Crítica – After Yang

A vida só pode ser vivida em uma direção, para frente. Mas ela só pode ser plenamente compreendida quando olhada para trás, com um certo distanciamento dos acontecimentos. A visão do agora sempre é limitada, mas isso não significa que esse “olhar para trás” seja completo, já que esbarra em outra questão, muitíssimo humana: a memória, e por ser algo tão humano, é claro que é falho, nossas lembranças não são retratos fiéis de um evento, e não podemos visitá-las fora de nossas mentes

Máquinas também compartilham da ‘memória’, que se tornam um lugar mais seguro para guardar as nossas, de certa forma. É por meio dessa “ponte”, entre a memória humana e a das máquinas, que Kogonada constrói a sua narrativa em After Yang, uma ficção científica que lembra um pouco A.I – Inteligência Artificial, mas com certa inversão da jornada. Se no filme de Spielberg é David que vai em busca de sua humanidade, o diretor faz com que os humanos percebam a humanidade no robô.

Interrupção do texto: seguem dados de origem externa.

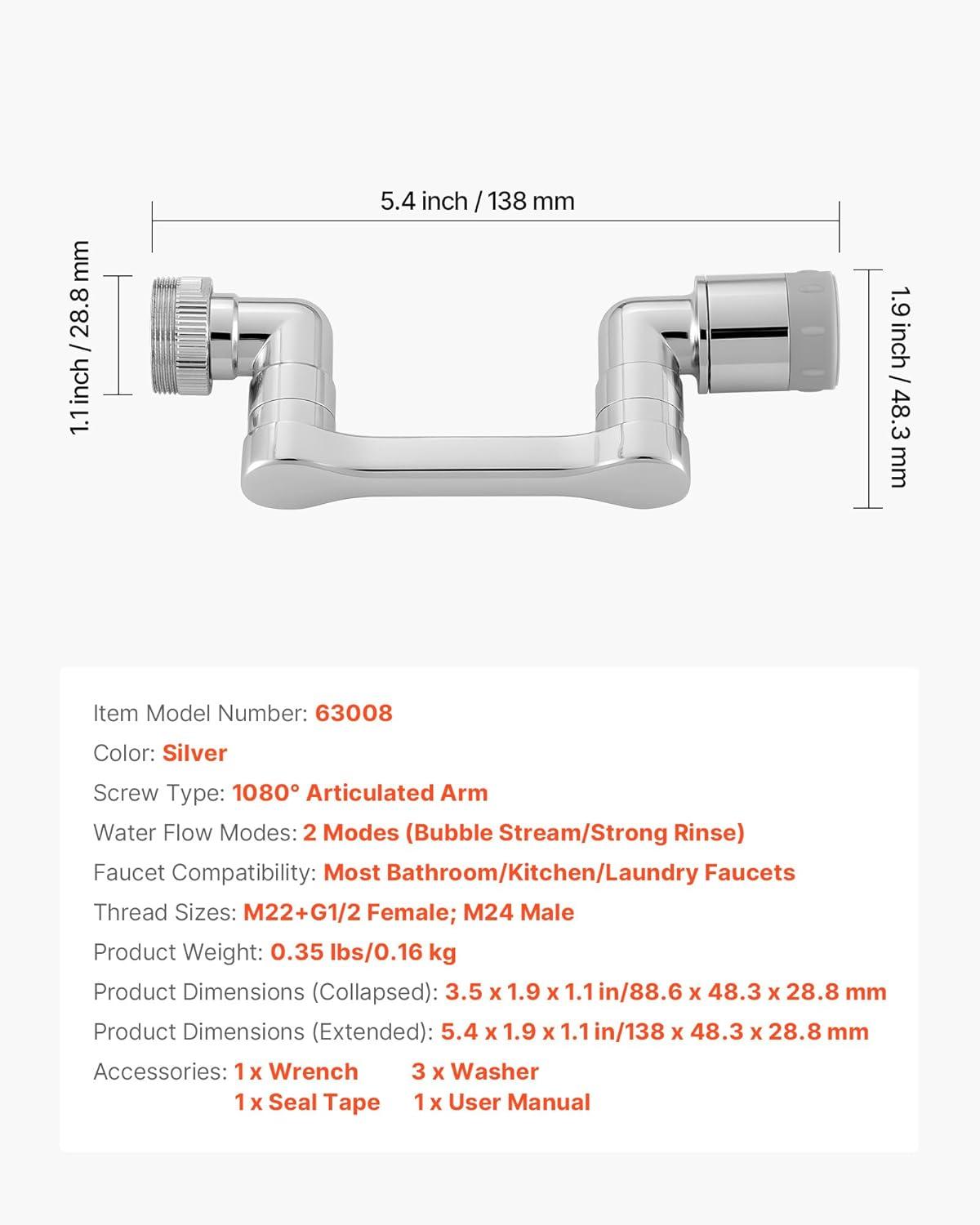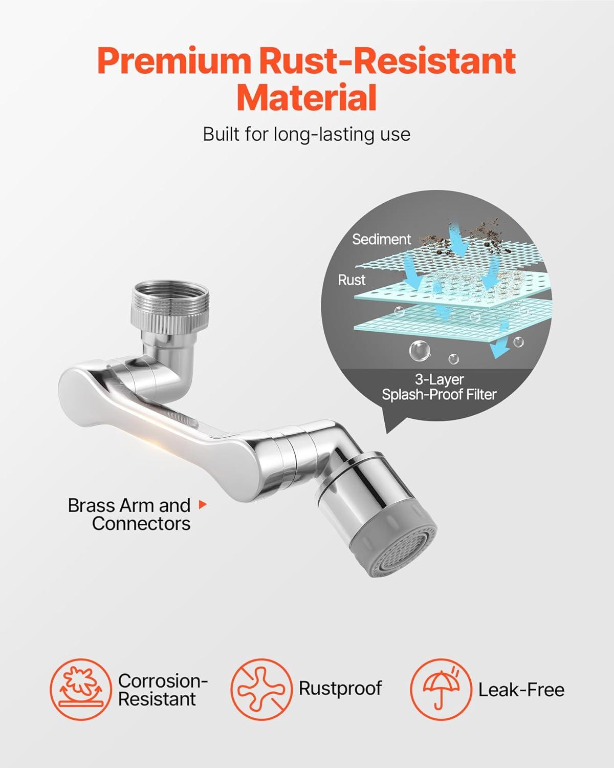 VEVOR 1080° Swivel Faucet Extender, 2 Sprayer Modes Sink Water Faucet Aerator Extension, Kitchen Bathroom Rotatable Spray Attachment with Brass Robotic Arm, Rotating Splash Filter Wash Hand/Hair/Face(Faucet Extender)
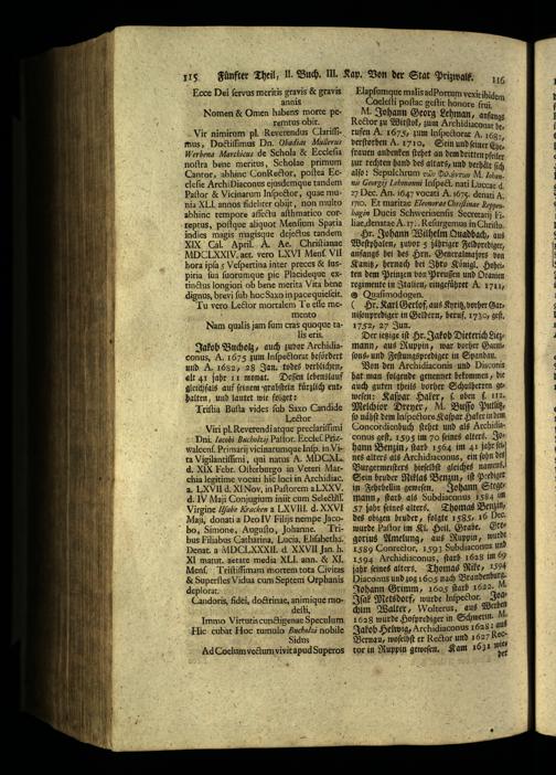 Werbena Marchicus de Schola& Eccleſia noſtra bene meritus, Scholae primum Cantor, abhine Gonkector, poſtea Eccleſie ArchiDiaconus ejusdemque tandem Paſtor& Vicinarum Inſpector, quae munia XI I annos fideliter obijt, non multo abhinc tempore affectu aſthmatico correptus, poſſque aliquot Menſium Spatia indies magis magisque dejectus tandem XIX Cal. April. A. Ae. Chriſtianae MCI XXIV. aet., vero LXVI Menf. Vll hora ipſa 5 Veſpertina inter preces& ſus piria{ua ſuorumque pie Placideque extinctus longiori ob bene merita Vita hene dignus, brevi ſub hoc Saxo in pace quieſcit. Tu vero Lector mortalem Le eſſe memento Nam qualis jam ſum cras quoque ta7 lis eris. Jakob Bucholz, auch zuvor Archidiaconus, A. 1675 zum Inſpectorat befördert und A. 1682, 28 Jan. todes berblichen, alt 41 jahr 1 monat. Deſſen lebenslauf gleichfals auf ſeinem grabſtein kurzlich enthalten, und lautet wie folget: J Triſtia Buſta vides ſub Saxo Candide or
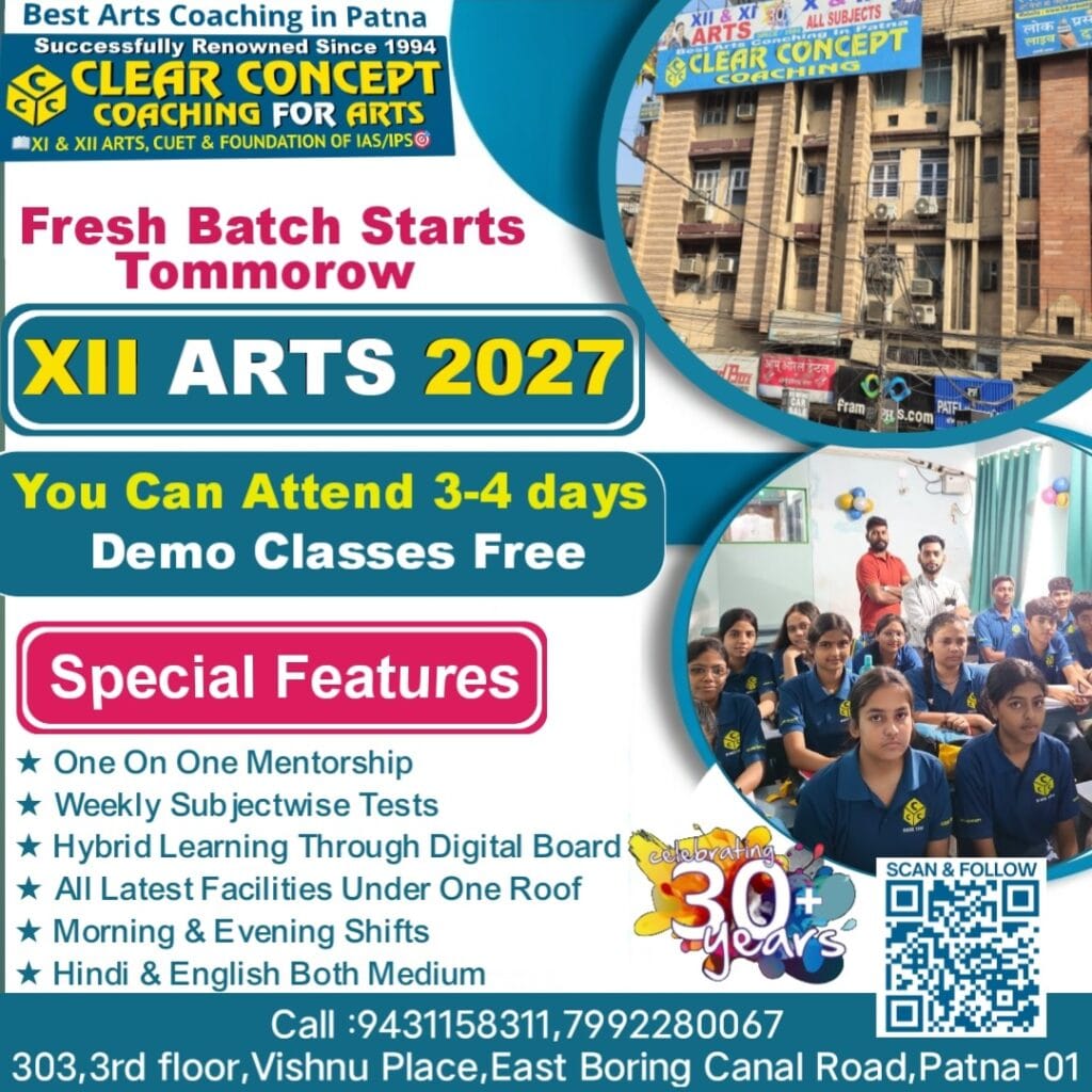 Choosing the right coaching institute plays a crucial role in building a strong academic foundation, especially for students preparing for Class 12 Arts. If you are searching for the best arts coaching in Patna, Clear Concept brings an excellent opportunity for students of XII Arts 2027 batch. A fresh batch is starting tomorrow, and students can attend 3–4 days of free demo classes to understand the teaching quality and learning environment before enrollment.

Embora “robô” não seja o termo usado no mundo de After Yang, mas sim “techno sapiens”, humanóides que famílias podem adotar por diversos motivos. Jake (Colin Farrel) e Kyra (Jodie Turner-Smith) adotam Yang (Justin H. Ming) para que a sua filha, também adotiva, Mika (Malea Emma) possa ficar mais próxima de suas raízes chinesas, algo que nenhum dos dois pode fazer. Os dois são como irmão e irmã, até que um dia, no meio de uma brincadeira familiar, Yang para de funcionar corretamente, para a tristeza de todos. A jornada para que o ente querido volte a ser o que era faz com que Jake passe a assistir as memórias de Yang, se deparando com a complexidade da existência do ser que adotou.

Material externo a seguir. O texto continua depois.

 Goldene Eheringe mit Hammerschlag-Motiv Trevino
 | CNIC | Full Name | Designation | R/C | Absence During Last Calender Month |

A humanidade de Yang nunca é colocada em dúvida no filme, e é ela que pauta até mesmo a forma do filme. Conforme Jake se aprofunda mais e mais nas memórias, que servem até para ele mesmo se reconectar com os seus sentimentos, Kogonada começa a se aproximar mais e mais dos seus personagens. After Yang é marcado por composições cuidadosas, que remetem muito ao cinema de Yasujiro Ozu, muito preocupado em explorar a movimentação nas pessoas dentro dos quadros, e criando quadros dentro de quadros por meio da arquitetura dos ambientes. Mas há também um certo distanciamento dos personagens, que acaba criando uma certa frieza.

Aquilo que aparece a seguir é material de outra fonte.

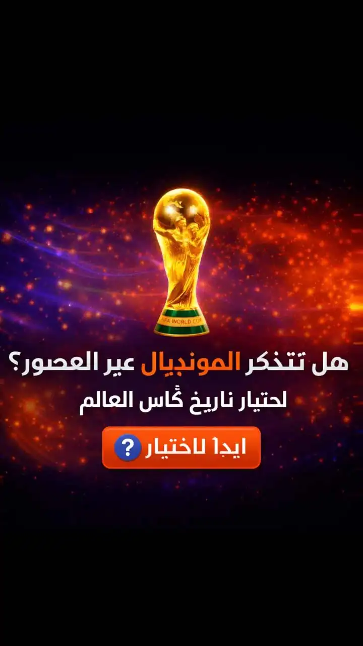هذا الاختبار يختبر قدرتك على تذكر المنتخبات المتوجة، الدول المستضيفة، وأسماء صنعت التاريخ.
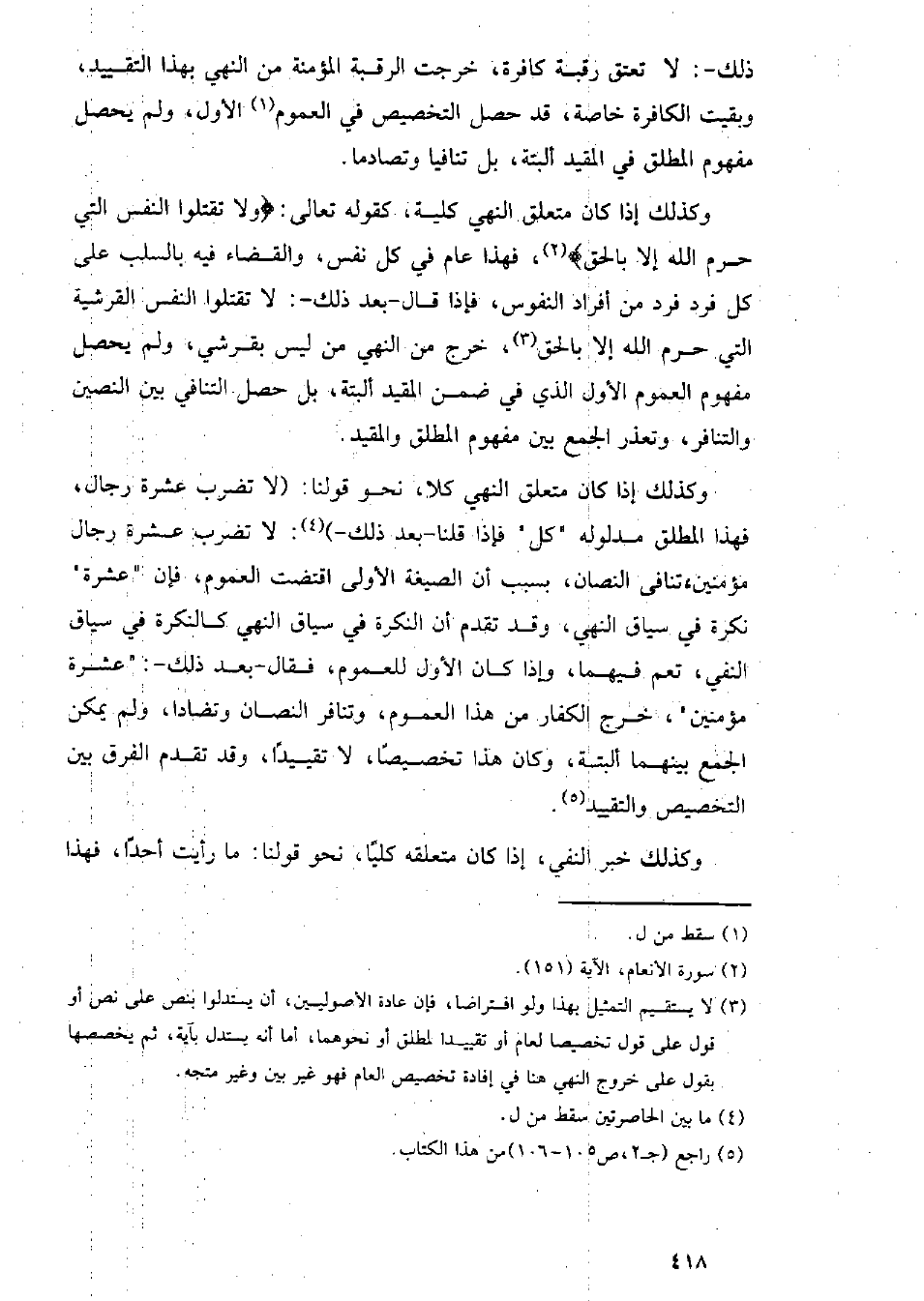 وكذلك إذا كان متعلق النهي كلية، كقوله تعالى: {ولا تقتلوا النفس التي حرم الله إلا بالحق}، فهذا عام في كل نفس، والقضاء فيه بالسلب على كل فرد فرد من أفراد النفوس، فإذا قال- بعد ذلك-: لا تقتلوا النفس القرشية التي حرم الله إلا بالحق، خرج من النهي من ليس بقرشي، ولم يحصل مفهوم العموم الأول الذي في ضمن المقيد البتة، بل حصل التنافي بين النصين والتنافر، وتعذر الجمع بين مفهوم المطلق والمقيد.

Esse distanciamento, esse cuidado, some quando vemos o mundo por meio das memórias de Yang, e planos médios e closes passam a constituir  as cenas dos filmes, se tornando mais próximo dos personagens conforme eles entendem a dimensão da vida de Yang, que não se resume a existência com somente aquela família, mas sim até mesmo a interesses românticos que existiam previamente. Não é a toa que as memórias do personagem são representadas visualmente por meio de constelações, que “explodem” conforme acessadas. Yang tinha um universo dentro de si.

Assim como Columbus, filme prévio de Kogonada, After Yang é um filme de “passeio”. Porém, se no primeiro as caminhadas eram por um local físico, a cidade título do filme, agora é ela se dá por meio das memórias de alguém que, mesmo não sendo humano no sentido estrito da palavra, possuía humanidade dentro de si.